Work item:
Find every line in the records below that contains "today", and copy it.

#### Available data

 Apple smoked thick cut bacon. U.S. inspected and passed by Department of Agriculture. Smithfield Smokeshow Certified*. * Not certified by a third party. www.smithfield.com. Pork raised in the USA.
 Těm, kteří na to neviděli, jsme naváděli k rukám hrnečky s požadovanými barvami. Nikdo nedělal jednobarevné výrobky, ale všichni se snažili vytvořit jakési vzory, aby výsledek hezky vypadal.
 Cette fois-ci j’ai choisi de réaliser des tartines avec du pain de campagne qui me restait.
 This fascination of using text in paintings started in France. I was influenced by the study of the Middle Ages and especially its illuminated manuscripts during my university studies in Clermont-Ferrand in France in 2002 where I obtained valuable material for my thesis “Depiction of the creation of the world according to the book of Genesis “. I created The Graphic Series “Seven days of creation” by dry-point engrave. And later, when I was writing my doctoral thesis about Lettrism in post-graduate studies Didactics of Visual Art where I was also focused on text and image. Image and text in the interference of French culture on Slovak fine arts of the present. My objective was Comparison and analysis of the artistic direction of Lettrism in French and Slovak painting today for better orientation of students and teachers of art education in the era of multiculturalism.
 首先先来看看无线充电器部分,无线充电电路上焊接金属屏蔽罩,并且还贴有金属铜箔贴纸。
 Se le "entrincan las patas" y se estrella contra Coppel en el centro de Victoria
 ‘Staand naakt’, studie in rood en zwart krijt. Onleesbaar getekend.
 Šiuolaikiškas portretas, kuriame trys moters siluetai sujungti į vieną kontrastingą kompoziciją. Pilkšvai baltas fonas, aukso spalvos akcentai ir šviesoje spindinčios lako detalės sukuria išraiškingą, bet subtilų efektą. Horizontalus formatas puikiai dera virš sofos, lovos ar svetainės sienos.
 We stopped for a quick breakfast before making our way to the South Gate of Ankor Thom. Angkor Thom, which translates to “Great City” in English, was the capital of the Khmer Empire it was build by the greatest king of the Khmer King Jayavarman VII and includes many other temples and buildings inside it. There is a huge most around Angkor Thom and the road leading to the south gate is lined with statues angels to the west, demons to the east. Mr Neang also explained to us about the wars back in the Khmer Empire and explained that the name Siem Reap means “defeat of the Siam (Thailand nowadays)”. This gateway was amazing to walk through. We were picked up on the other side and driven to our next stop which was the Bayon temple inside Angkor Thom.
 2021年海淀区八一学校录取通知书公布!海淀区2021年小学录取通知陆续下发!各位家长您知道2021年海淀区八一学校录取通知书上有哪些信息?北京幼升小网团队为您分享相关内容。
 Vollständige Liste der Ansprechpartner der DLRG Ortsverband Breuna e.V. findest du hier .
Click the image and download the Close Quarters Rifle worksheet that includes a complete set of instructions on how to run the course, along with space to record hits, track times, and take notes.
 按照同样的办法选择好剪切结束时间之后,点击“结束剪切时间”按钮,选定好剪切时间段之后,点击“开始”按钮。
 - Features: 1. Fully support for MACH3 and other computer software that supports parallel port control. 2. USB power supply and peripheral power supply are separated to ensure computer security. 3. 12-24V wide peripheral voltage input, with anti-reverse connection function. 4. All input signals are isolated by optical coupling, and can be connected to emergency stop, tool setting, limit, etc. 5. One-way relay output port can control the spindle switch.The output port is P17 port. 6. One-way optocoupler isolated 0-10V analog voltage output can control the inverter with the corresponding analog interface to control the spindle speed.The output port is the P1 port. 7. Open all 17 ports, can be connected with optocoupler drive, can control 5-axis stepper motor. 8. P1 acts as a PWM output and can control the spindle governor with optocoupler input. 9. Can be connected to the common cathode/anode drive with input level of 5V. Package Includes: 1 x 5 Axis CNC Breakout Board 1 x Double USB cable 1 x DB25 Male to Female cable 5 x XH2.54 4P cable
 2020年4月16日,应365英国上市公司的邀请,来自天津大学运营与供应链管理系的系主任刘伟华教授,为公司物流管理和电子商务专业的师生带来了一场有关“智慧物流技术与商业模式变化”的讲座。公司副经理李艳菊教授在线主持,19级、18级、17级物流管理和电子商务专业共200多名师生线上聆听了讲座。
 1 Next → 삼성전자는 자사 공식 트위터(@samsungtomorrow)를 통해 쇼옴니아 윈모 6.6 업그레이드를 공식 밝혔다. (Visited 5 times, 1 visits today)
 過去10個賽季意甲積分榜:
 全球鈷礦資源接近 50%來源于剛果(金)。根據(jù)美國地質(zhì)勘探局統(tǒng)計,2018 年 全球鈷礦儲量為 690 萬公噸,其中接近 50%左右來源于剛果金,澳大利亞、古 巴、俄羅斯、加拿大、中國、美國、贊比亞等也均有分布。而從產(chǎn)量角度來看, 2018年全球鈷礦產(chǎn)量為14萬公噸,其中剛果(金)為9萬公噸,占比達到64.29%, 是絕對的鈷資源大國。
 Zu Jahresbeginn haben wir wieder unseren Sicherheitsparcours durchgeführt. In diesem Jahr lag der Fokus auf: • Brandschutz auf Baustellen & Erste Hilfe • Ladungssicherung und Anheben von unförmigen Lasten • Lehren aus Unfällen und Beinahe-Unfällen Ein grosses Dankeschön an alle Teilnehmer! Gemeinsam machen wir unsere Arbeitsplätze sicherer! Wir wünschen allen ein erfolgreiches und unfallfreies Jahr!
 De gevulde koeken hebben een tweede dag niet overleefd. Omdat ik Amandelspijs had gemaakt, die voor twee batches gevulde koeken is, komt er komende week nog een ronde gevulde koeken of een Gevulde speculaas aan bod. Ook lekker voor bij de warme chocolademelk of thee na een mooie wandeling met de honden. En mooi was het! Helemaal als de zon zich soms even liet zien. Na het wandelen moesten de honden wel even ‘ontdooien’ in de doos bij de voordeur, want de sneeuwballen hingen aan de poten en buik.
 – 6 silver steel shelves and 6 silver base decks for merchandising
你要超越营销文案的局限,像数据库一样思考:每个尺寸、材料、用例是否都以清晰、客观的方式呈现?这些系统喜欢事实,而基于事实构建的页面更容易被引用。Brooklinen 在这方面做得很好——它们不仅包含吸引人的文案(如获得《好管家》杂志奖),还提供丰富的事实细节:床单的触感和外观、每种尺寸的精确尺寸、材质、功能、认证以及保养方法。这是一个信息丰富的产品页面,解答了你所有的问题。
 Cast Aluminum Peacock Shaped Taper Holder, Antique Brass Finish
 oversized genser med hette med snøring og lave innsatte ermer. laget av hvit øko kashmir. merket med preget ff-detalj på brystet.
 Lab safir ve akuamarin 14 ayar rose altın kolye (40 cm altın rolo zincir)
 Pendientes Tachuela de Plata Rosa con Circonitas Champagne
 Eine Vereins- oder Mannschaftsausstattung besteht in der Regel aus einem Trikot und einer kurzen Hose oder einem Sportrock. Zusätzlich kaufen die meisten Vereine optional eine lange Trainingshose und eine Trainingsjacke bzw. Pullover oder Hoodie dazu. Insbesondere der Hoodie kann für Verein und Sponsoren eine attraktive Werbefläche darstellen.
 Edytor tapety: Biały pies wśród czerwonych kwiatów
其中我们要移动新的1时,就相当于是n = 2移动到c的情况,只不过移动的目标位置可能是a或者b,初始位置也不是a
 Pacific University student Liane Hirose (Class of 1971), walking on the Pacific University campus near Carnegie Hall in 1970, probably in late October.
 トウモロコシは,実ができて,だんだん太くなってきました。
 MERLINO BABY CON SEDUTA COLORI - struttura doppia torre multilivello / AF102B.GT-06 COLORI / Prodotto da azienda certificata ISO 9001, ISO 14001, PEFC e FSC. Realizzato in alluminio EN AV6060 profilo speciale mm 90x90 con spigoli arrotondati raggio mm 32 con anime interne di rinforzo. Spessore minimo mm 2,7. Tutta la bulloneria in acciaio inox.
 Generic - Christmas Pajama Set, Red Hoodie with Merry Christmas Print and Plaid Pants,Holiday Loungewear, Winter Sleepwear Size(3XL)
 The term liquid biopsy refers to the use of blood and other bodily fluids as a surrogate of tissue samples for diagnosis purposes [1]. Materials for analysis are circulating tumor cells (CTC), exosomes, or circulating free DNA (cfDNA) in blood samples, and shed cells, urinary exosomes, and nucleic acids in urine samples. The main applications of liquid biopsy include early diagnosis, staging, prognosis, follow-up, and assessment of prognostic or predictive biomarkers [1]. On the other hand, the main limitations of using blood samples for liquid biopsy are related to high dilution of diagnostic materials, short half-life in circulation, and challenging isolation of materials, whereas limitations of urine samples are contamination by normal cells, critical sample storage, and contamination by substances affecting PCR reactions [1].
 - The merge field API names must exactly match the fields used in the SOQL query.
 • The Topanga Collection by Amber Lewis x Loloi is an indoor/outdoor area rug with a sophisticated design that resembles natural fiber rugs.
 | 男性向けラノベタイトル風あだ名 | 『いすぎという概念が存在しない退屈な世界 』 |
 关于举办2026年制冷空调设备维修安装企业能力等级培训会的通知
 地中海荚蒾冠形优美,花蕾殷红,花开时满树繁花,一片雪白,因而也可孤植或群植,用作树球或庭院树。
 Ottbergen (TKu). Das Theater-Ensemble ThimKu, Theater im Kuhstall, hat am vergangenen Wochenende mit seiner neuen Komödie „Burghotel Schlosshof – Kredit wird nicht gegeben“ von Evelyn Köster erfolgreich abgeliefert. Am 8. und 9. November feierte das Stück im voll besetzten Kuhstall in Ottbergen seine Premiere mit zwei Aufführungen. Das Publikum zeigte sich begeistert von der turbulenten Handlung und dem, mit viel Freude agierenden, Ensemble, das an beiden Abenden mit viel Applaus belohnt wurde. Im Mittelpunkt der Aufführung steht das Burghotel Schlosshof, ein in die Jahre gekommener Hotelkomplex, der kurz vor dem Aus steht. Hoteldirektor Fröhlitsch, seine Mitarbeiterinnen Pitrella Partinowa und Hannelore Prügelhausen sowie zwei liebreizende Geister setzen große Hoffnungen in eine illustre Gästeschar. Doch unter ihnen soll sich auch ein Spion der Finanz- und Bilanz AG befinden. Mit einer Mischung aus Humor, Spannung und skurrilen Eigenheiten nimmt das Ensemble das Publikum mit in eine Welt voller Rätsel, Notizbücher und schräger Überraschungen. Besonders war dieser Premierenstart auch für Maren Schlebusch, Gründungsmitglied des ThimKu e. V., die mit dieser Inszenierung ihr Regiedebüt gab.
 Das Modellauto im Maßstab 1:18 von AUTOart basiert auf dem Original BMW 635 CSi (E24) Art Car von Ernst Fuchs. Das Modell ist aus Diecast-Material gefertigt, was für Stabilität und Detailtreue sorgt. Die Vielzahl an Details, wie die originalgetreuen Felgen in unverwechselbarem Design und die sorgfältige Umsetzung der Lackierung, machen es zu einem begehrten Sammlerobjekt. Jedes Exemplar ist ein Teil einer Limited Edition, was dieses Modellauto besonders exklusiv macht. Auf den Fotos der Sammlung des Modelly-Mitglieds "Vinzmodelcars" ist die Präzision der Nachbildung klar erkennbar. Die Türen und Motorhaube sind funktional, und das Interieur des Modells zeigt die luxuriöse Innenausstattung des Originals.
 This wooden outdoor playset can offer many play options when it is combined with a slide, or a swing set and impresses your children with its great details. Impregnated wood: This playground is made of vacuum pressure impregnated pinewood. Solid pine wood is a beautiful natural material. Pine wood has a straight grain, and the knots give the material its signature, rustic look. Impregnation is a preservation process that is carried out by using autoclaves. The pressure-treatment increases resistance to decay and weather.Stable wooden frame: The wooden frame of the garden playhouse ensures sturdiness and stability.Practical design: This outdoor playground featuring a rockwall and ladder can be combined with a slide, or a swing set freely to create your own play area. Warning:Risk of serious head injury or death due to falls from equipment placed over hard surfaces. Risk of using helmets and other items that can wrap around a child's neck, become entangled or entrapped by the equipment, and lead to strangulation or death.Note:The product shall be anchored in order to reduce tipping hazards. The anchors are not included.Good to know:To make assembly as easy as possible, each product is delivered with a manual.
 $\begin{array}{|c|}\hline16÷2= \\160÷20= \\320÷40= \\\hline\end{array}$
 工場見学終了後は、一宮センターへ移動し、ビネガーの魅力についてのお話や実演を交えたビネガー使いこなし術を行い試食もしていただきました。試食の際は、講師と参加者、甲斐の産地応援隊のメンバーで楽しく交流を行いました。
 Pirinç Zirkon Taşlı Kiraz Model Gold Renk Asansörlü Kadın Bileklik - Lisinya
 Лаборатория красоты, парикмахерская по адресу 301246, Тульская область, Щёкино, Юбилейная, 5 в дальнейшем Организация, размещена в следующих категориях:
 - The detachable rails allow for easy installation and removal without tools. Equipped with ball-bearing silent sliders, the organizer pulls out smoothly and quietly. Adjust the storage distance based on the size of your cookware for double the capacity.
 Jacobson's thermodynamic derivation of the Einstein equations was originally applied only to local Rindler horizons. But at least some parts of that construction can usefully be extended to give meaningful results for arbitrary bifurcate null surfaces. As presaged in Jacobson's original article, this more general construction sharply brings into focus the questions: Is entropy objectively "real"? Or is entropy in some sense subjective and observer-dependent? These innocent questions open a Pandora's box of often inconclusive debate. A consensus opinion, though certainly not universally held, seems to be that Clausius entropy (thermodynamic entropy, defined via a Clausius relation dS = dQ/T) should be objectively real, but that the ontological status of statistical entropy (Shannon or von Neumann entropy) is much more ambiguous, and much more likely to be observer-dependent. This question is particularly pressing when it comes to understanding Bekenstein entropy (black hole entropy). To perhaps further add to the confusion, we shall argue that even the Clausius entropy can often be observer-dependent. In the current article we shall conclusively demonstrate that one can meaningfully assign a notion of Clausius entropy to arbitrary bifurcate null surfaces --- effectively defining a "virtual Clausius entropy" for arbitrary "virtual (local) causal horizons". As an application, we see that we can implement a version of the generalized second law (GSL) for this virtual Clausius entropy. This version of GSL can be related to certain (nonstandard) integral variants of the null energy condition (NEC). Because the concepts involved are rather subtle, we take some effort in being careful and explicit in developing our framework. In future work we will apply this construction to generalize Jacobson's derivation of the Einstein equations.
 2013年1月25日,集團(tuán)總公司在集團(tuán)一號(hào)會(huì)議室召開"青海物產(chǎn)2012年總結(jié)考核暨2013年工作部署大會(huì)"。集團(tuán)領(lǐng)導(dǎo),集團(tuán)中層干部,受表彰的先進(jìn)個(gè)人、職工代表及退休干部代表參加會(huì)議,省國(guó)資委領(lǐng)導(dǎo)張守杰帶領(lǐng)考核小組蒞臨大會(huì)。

########

The completed task:
 This fascination of using text in paintings started in France. I was influenced by the study of the Middle Ages and especially its illuminated manuscripts during my university studies in Clermont-Ferrand in France in 2002 where I obtained valuable material for my thesis “Depiction of the creation of the world according to the book of Genesis “. I created The Graphic Series “Seven days of creation” by dry-point engrave. And later, when I was writing my doctoral thesis about Lettrism in post-graduate studies Didactics of Visual Art where I was also focused on text and image. Image and text in the interference of French culture on Slovak fine arts of the present. My objective was Comparison and analysis of the artistic direction of Lettrism in French and Slovak painting today for better orientation of students and teachers of art education in the era of multiculturalism.
 1 Next → 삼성전자는 자사 공식 트위터(@samsungtomorrow)를 통해 쇼옴니아 윈모 6.6 업그레이드를 공식 밝혔다. (Visited 5 times, 1 visits today)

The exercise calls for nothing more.